Baking, I had that ridiculously lung wait for 2nd scan. I just wanted to say that at my 2nd they still wanted to wait. It was only us saying no, that we wanted this to move ahead, that got the ball rolling. Mmc can be a slow process.

You've been on my mind. A woman was taking on the radio about scans and really understood how they aren't pleasant experiences.

Hi baking, having investigations is one of the reasons I have opted for surgical management. I was advised the last time that if I could catch the sac in a clean container that could be sealed they might test it. I just don't know just how much presence of mind would be required to orchestrate that, or whether all hospitals would offer testing anyway.

It sounds like Lesley Regan is the go to person for recurrent mc. You could fight for a referral, but you might need to be prepared for a long wait.

Couldn't read & run. So sorry tins. You gave me so much advice & support through my MMC. My heart is breaking for you. Big hugs x

I'm never sure how helpful personal stories are (as it doesn't change your situation and sadly I know not everyone has a positive ending) but I've had four mcs in a row. And then a baby, who turned one recently. I couldn't have kept going if I wasn't trying some slightly different treatment each time. I agree it's all centred in London - I had to travel 400 miles each way for every appointment, but was worth it.

Iggi I'm pleased to hear you had a happy ending. Who did you see in London? What did you do differently in your successful pregnancy?
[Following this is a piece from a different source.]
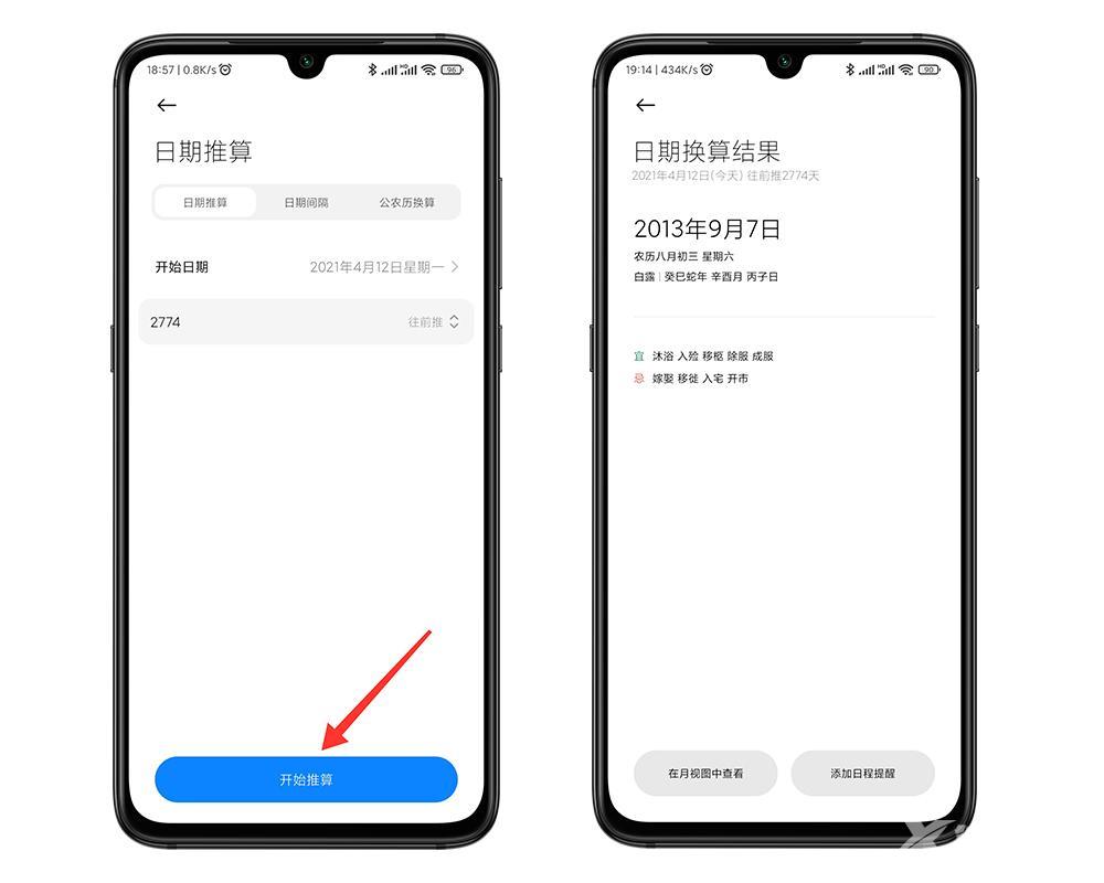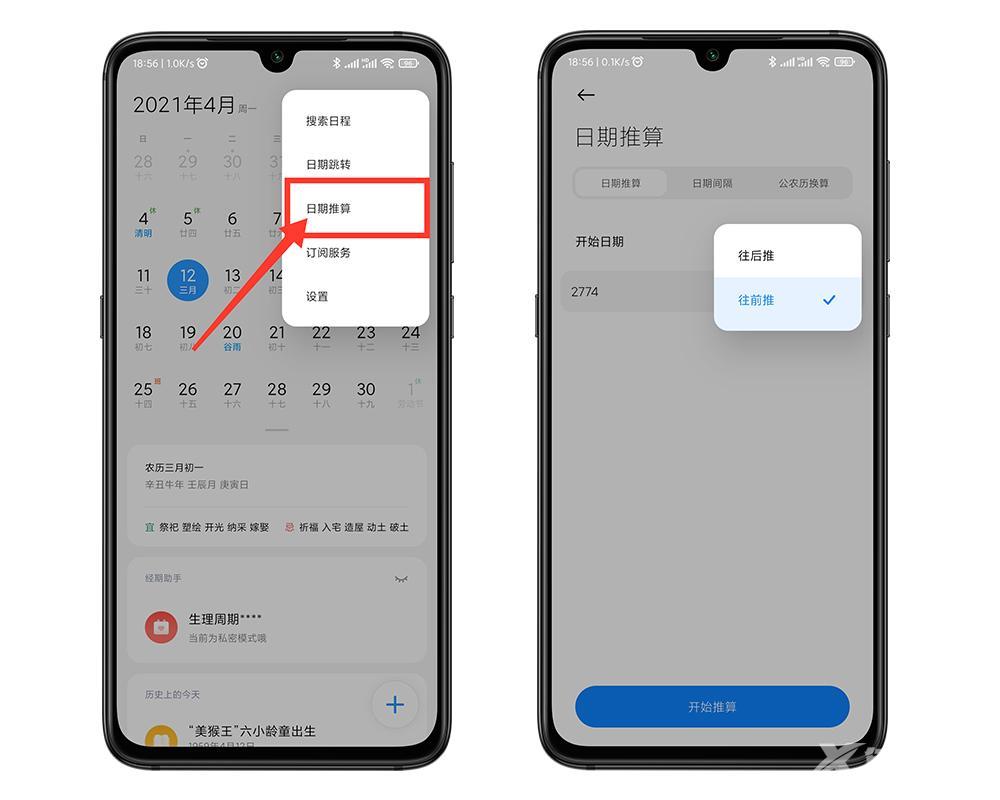 打开日历,点击右上角三点菜单,选择“日期推算”,开始时间默认选择为当天,下面一栏输入天数,后面一栏选择为“往前推”。

Hi baking tins. So sorry to hear that, I saw your other thread about the scans too. Euro and Iggi are right, there are a lot more tests to have. I had 4 mcs before being treated for high nk cells. Several of us on these threads saw Mr Shehata at the Miscarriage Clinic. You can ask your doctor for an nhs referral for him at Epsom or St Helier 'a hospitals in Surrey. Also professor Quenby is treating and researching recurrent miscarriage including nk cells in the midlands. And George Nduke is in Nottingham I think. I also saw St Mary's in paddington but they were unable to offer me any more than the low dose aspirin I was already on. However two attempts on steroid and intralipids for nk cells and I had a successful pregnancy. Ask away if you have any questions.

Thank you freelance. I think once this is behind us then that's an avenue we need to explore if we can bring ourselves to try again. I'm hoping to find out in this pregnancy whether it's a dodgy embryo or whether my body is destroying them
I've ordered the "Coming to Term" book someone recommended but it's been v slow arriving, and I've already read Lesley Regan's book. Can you recommend a good website or book to learn about NK cells?

Yes get Is Your Body Baby Friendly by Dr Beer. He was a pioneer in this area. Recurrent miscarriage is truly shit. I know you're feeling horrible right now. I know after my third I went headlong into research mode but actually found out about nk cells on the MN mc boards! Without those I don't think I would have had DS. Don't stop looking for answers just yet.

Thanks, I will.

Baking tins have pm'd you.

I've had TORCH screen, swabs, uterus/ovary scan, hormones (FSH/LH) thyroid tests, raft of tests for APS, clotting and autoimmune disorders, antimullerian hormone, full blood counts and ferritin.
My miscarriages have all happened between 8+10 weeks, first and this one will be after a heartbeat has been seen, not scanned before they happened in MC2+3 so don't really know how far the baby got.
I don't really believe I'm "just unlucky" but that's what I keep being told!
I'm looking into testing for NK cells, particularly if I'm able to get this embryo tested and it doesn't have any chromosome problems.
Any other suggestions where to go from here appreciated.